START GIVEN DATA

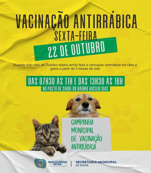 Nova Alvorada do Sul: Nesta sexta-feira (22), terá vacinação Antirrábica no Bairro Vacilio Dias
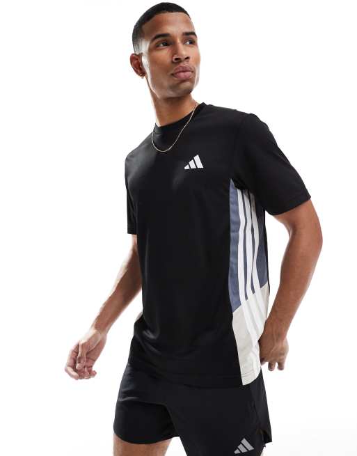 adidas Training – Essentials – Czarno-szary T-shirt z 3 paskami
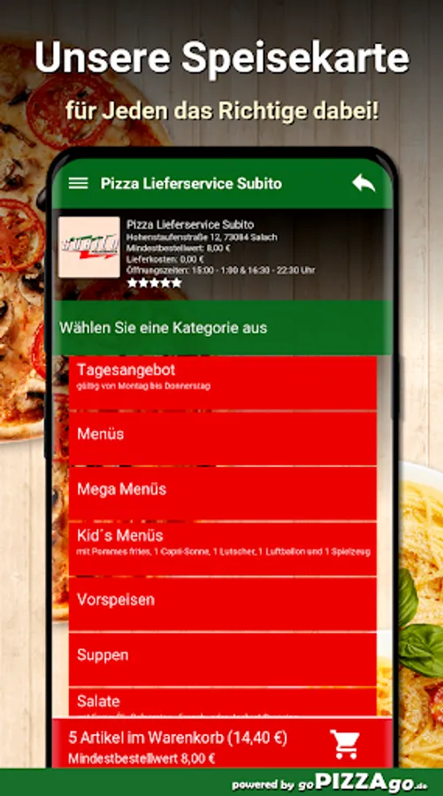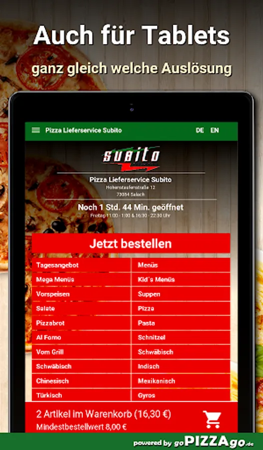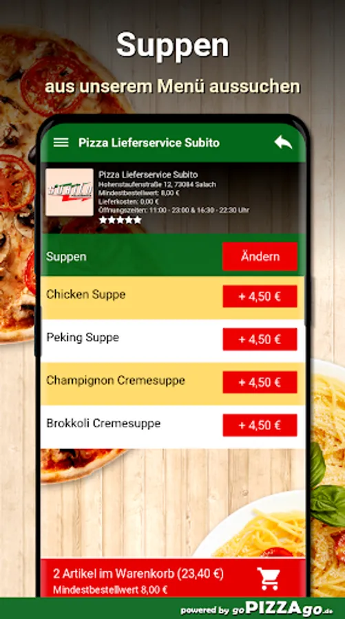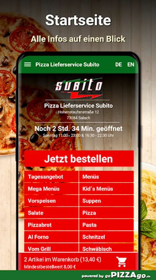 Pizza delivery service Subito in Salach - we deliver your food! We have of course: Toasts, Indian, Al Forno in Salach to order & have it delivered?
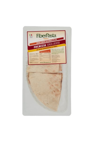 La focaccia FiberPasta è senza lievito, ha un basso indice glicemico (IG certificato: 39) e un alto contenuto di fibra (11,5%).
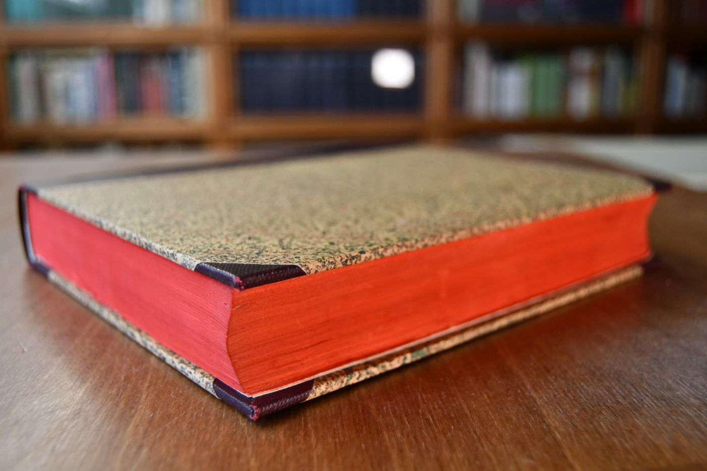 Format 21 x 18 cm, neueres Halbleinen mit umlaufendem Rotschnitt
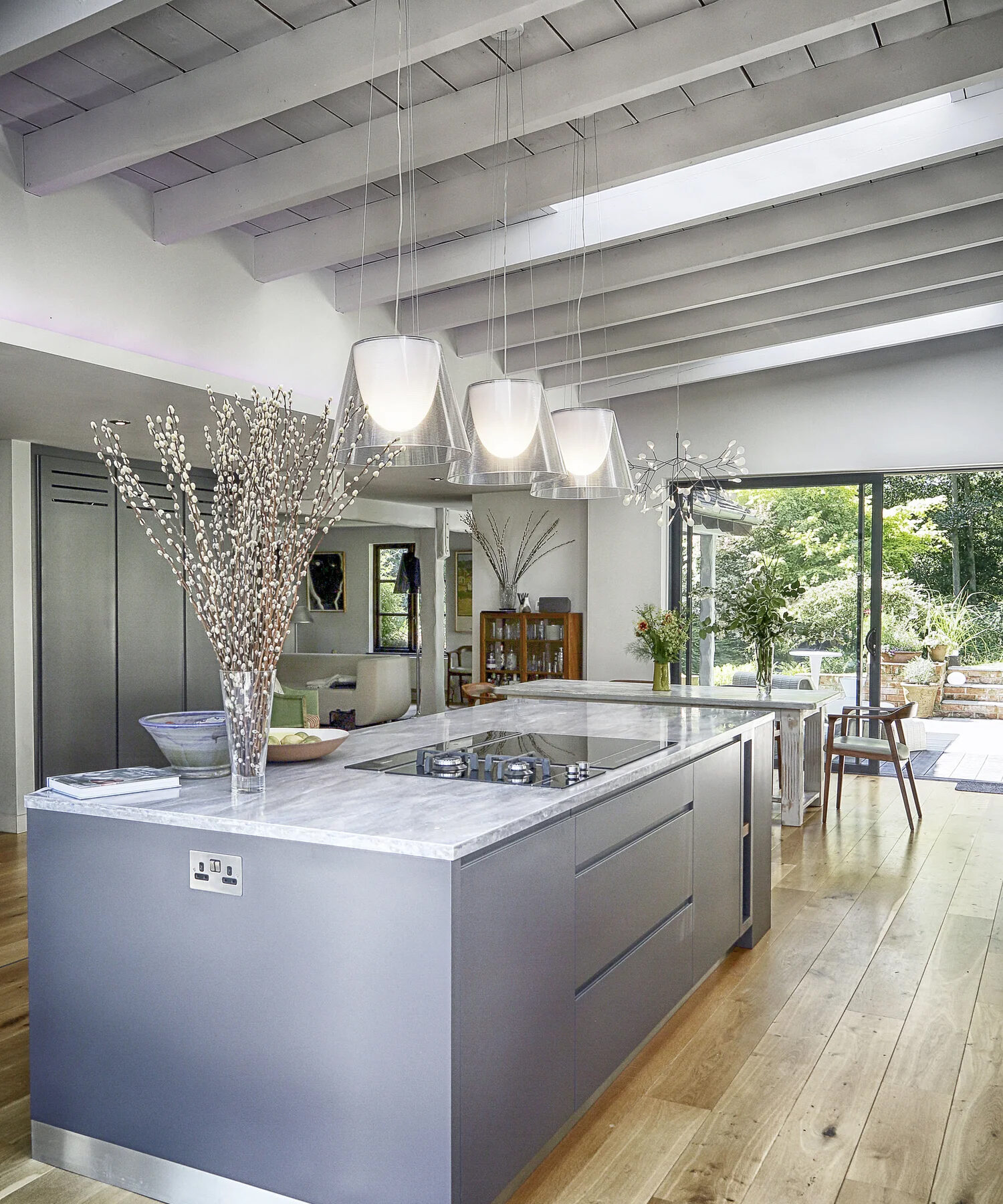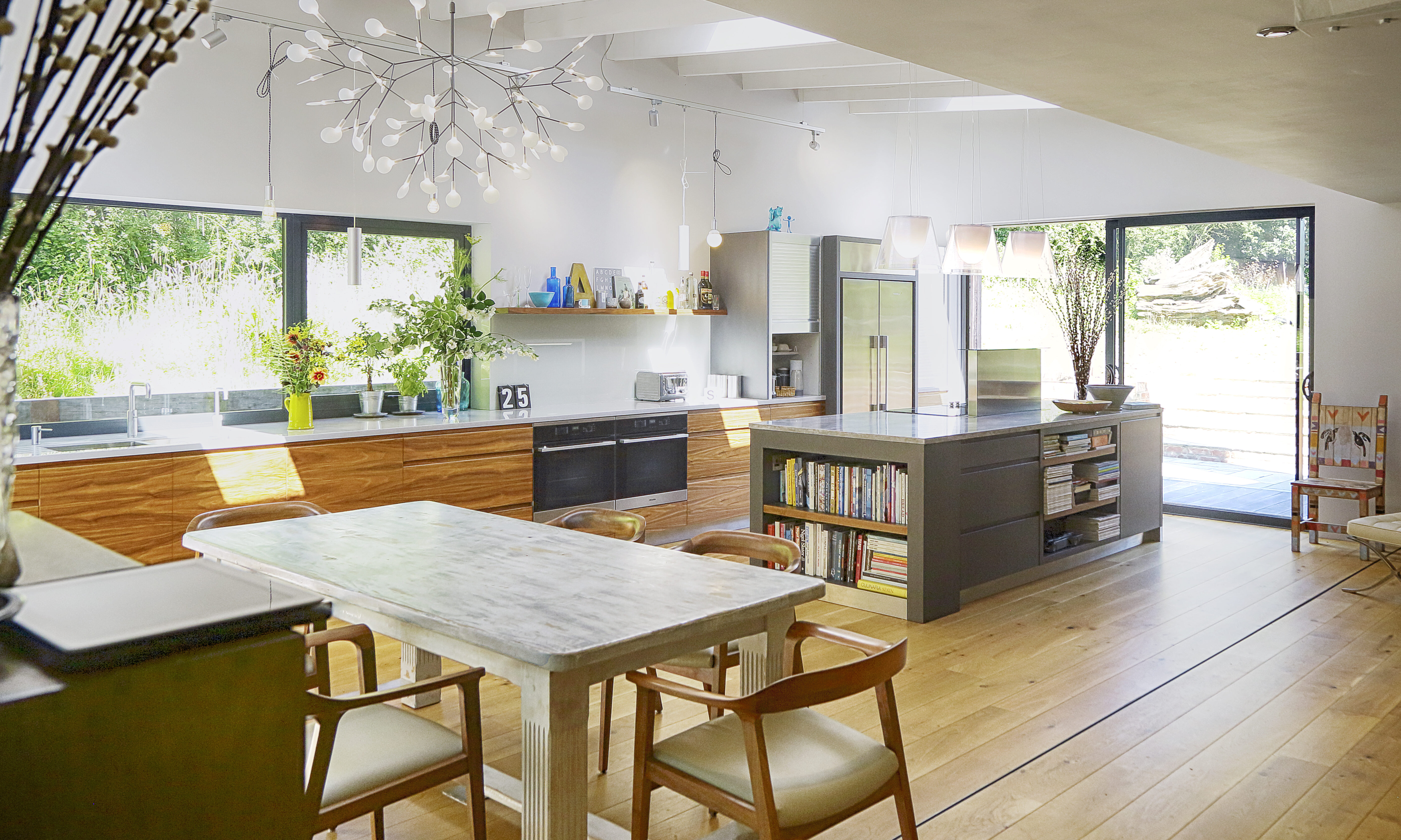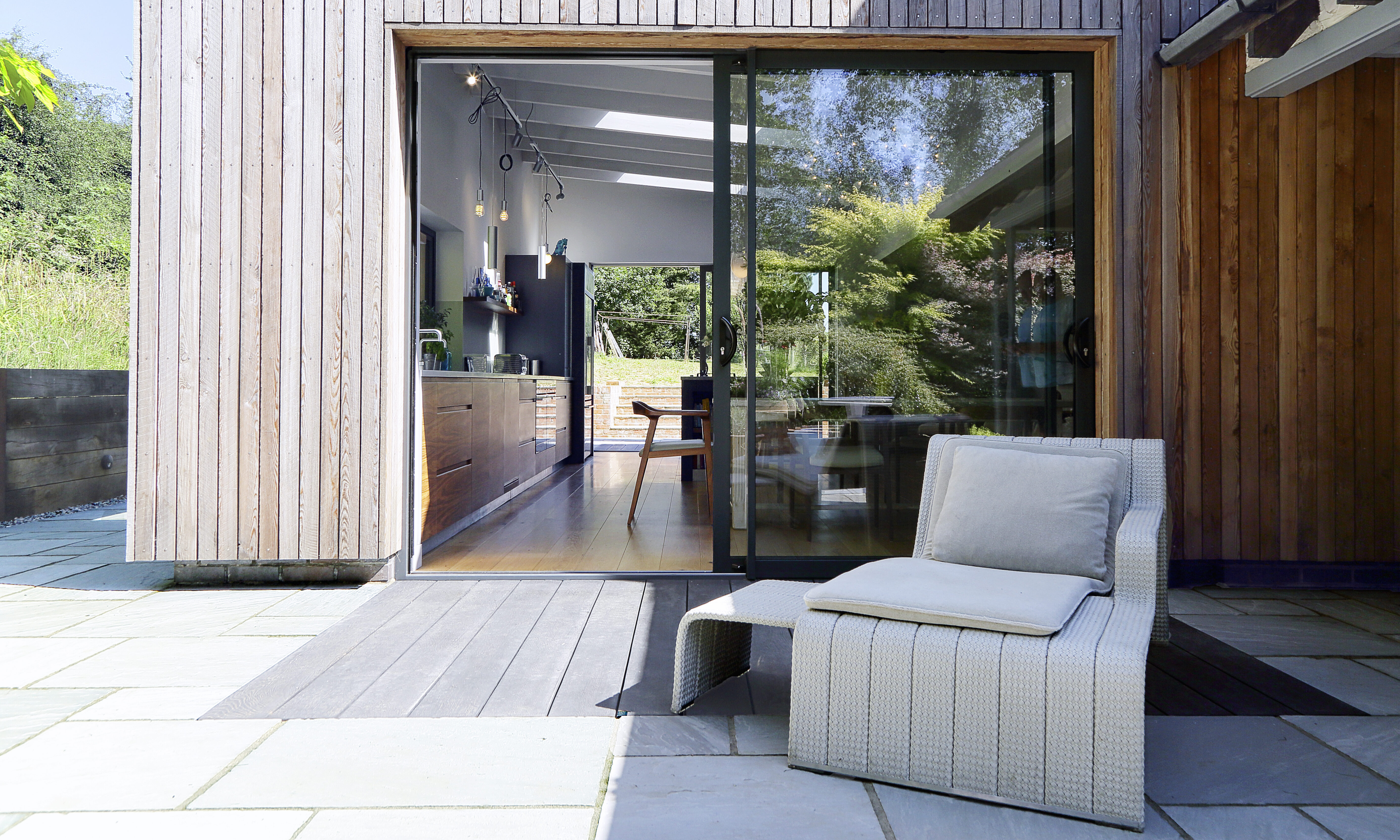 Quietly veiled within layers of wild and cultivated plants and trees, this existing timber frame house from the 1960s was the site of project for a large extension to enhance the ground floor accommodation for family and friends.
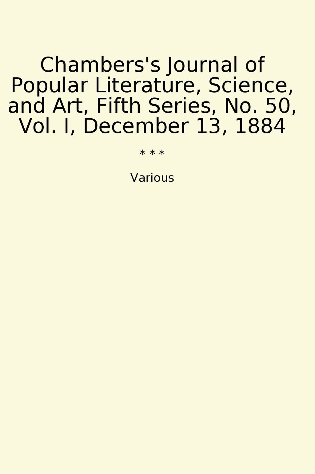 Chambers's Journal of Popular Literature, Science, and Art, Fifth Series, No. 50, Vol. I, December 13, 1884
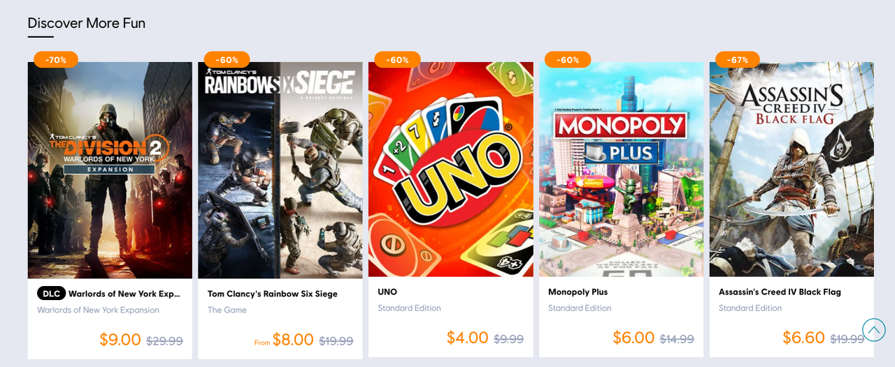 판매에 포함된 타이틀 중 일부는 Tom Clancy 's The Division 2, Rainbow Six Siege, Monopoly Plus, UNO, Assassin's Creed IV Black Flag(아주 멋진 Assassin's Creed 게임인 STEEP 등)입니다. 이 판매 이벤트에는 모두를 위한 무언가가 꽤 많이 있습니다.
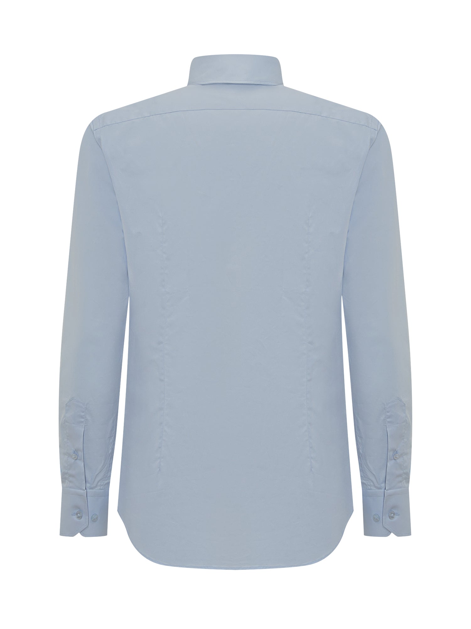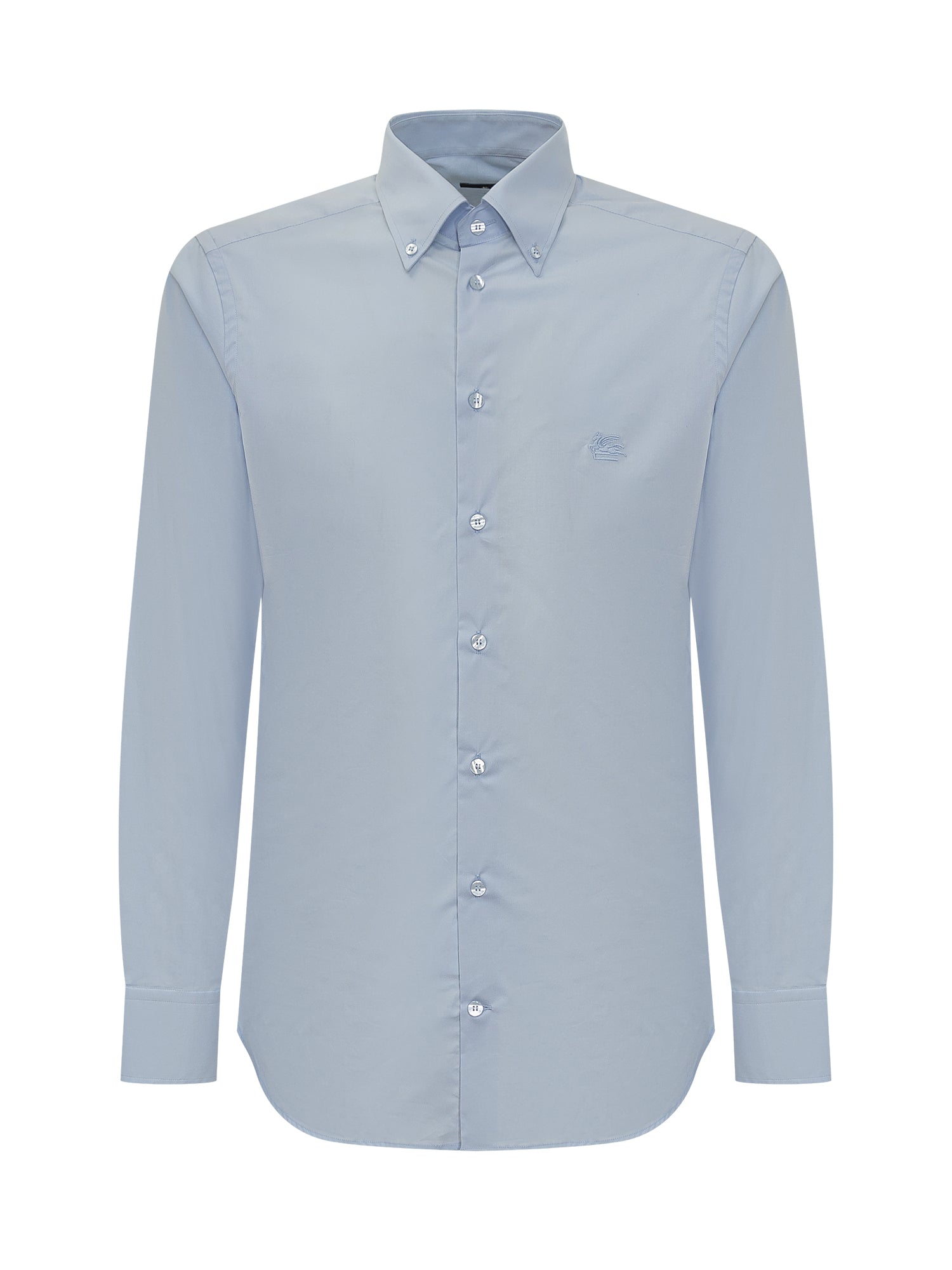 Colletto a punta button down. Chiusura con bottoni. Logo ricamato sul petto. Polsi con doppio bottone.
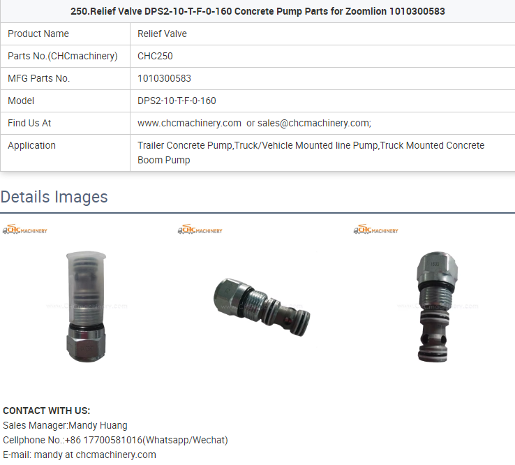 - 250.Relief Valve DPS2-10-T-F-0-160 Concrete Pump Parts for Zoomlion 1010300583
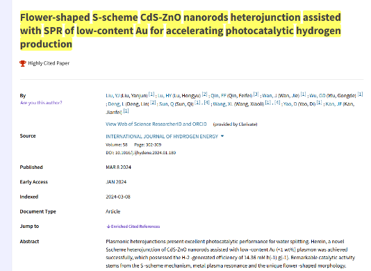此外,根据科睿唯安《基本科学指标》(Essential Science Indicators,ESI)2025年3月最新数据显示,我校环境凯发两篇科研成果入选全球ESI高被引论文。时焕岗教授在化学工程领域权威期刊《Chemical Engineering Journal》发表的"直接氨燃料电池中电催化氧化氨产电技术进展"(Advances in power generation from ammonia via electrocatalytic oxidation in direct ammonia fuel cells),刘雁军博士、吴功德教授在能源领域权威期刊《International Journal of Hydrogen Energy》发表的"基于表面等离子体共振效应增强的花型S型异质结CdS-ZnO纳米棒光催化产氢研究"(Flower-shaped S-scheme CdS-ZnO nanorods heterojunction assisted with SPR of low-content Au for accelerating photocatalytic hydrogen production)双双入选ESI高被引论文榜单。

END GIVEN DATA

DIRECTIONS: Going by the entries above, repeat exactly the lines that start at the line with "adidas Training –" and go on through the line with "La focaccia FiberPasta". Pictures are not part of the copy.

ANSWER:
 adidas Training – Essentials – Czarno-szary T-shirt z 3 paskami
 Pizza delivery service Subito in Salach - we deliver your food! We have of course: Toasts, Indian, Al Forno in Salach to order & have it delivered?
 La focaccia FiberPasta è senza lievito, ha un basso indice glicemico (IG certificato: 39) e un alto contenuto di fibra (11,5%).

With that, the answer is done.